__What the task asks__: Output the data below only from the line containing "Zig Zag Blue Pattern Jar with wooden Tray" up to and including the line containing "Ежедневник датированный 2026", exact and with the pictures left out.

__Data to process__:
==========
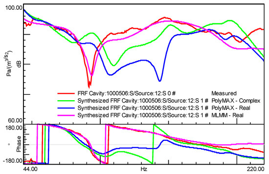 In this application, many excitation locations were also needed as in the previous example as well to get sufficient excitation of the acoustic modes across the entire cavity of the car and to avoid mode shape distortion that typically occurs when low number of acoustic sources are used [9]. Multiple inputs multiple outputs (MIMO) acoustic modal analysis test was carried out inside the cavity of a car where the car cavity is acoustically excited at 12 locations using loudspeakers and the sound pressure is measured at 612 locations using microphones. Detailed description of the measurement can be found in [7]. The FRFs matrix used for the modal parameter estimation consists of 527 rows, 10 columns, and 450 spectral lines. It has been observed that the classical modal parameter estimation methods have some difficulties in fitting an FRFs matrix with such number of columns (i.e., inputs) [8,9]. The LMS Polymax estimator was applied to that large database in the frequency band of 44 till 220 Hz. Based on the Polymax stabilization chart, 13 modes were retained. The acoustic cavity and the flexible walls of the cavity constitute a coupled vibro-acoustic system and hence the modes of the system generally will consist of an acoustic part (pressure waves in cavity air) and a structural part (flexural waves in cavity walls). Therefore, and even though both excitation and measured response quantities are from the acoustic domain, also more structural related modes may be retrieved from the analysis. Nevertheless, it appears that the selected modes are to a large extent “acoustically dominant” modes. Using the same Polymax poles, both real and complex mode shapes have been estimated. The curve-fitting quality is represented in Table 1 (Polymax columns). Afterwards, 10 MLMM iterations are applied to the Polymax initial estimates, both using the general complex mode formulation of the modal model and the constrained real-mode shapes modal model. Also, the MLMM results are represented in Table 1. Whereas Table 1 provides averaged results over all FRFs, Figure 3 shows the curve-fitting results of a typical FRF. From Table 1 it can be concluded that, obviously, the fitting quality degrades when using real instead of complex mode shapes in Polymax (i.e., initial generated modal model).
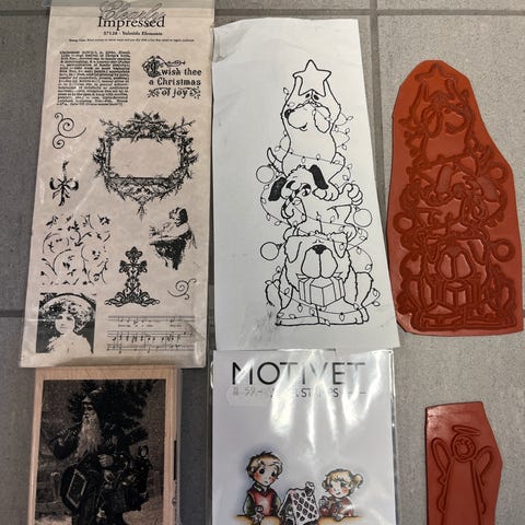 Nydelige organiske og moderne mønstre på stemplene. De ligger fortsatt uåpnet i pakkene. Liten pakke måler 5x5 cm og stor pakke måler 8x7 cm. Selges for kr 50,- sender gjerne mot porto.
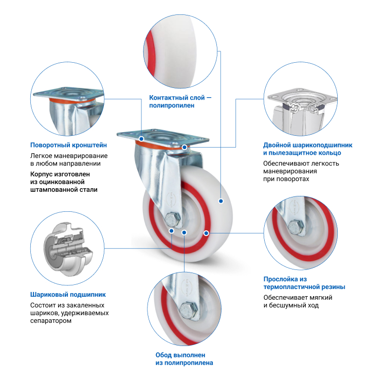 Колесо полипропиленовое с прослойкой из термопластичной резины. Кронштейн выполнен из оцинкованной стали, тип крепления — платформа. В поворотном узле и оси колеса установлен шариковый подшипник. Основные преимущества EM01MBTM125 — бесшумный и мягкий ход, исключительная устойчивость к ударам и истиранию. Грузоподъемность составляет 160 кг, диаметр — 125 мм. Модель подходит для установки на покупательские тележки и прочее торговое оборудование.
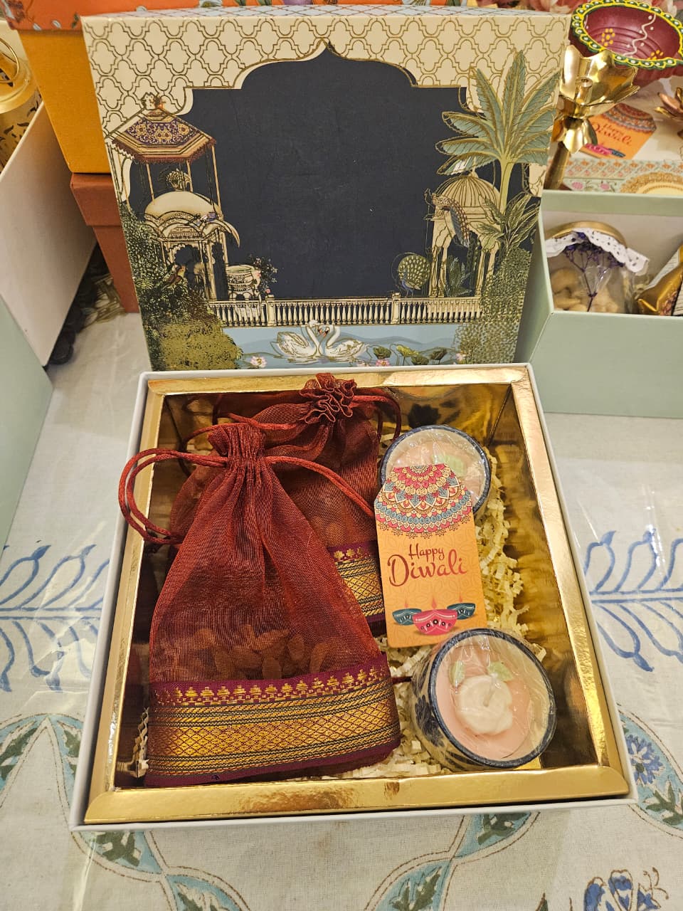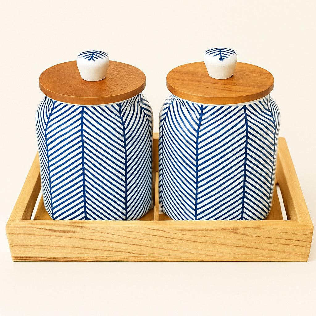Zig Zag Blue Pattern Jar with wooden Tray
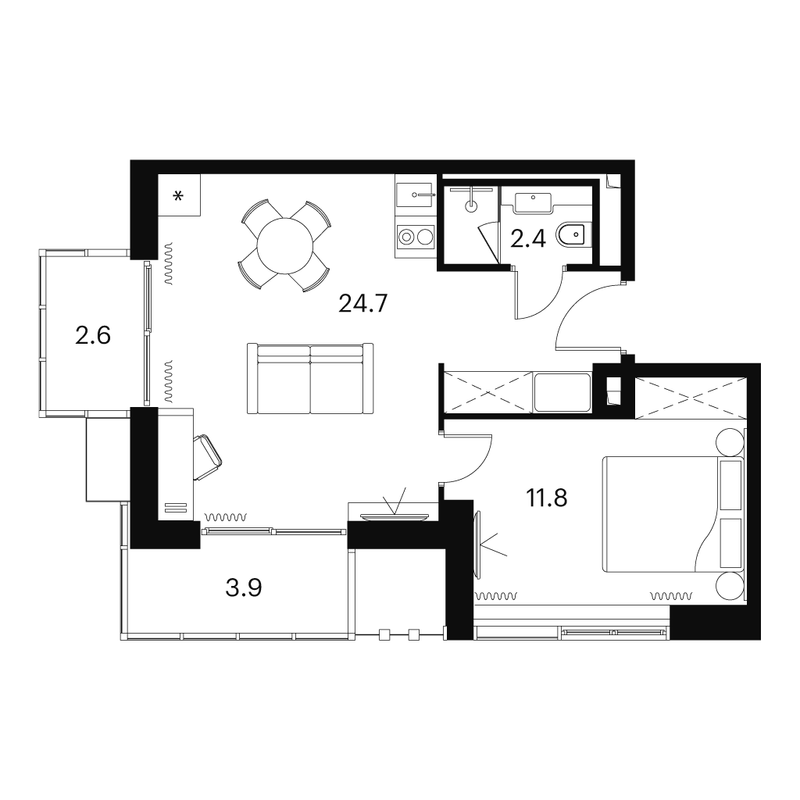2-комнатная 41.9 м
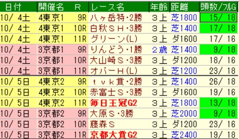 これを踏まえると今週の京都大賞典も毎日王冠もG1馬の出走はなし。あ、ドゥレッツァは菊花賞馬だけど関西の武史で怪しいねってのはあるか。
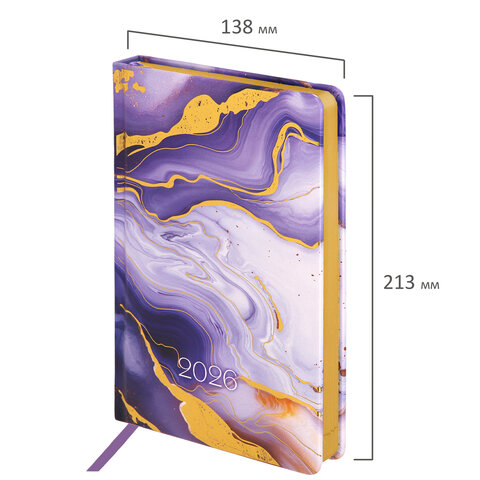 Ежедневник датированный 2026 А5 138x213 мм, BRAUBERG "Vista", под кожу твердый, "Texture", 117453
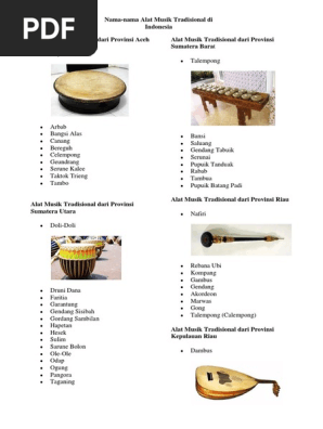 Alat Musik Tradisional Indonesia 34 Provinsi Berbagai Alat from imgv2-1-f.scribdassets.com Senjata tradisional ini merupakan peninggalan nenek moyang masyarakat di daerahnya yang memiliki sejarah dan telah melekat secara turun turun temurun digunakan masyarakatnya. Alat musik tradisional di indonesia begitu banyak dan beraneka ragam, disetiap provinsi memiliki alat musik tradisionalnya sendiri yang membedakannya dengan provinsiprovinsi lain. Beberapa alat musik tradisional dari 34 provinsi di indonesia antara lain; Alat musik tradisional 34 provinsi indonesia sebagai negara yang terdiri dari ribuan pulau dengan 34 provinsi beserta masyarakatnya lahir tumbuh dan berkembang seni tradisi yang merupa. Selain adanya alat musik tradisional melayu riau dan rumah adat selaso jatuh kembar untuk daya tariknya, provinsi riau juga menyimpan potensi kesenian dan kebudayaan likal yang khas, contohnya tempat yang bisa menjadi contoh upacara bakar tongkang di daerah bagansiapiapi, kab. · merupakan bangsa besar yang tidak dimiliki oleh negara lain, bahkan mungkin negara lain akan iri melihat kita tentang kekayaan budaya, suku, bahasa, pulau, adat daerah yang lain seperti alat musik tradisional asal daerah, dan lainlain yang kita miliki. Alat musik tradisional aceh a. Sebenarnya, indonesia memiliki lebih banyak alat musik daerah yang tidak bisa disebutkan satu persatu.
==========
__Answer for this exercise__:
Zig Zag Blue Pattern Jar with wooden Tray
2-комнатная 41.9 м
 これを踏まえると今週の京都大賞典も毎日王冠もG1馬の出走はなし。あ、ドゥレッツァは菊花賞馬だけど関西の武史で怪しいねってのはあるか。
 Ежедневник датированный 2026 А5 138x213 мм, BRAUBERG "Vista", под кожу твердый, "Texture", 117453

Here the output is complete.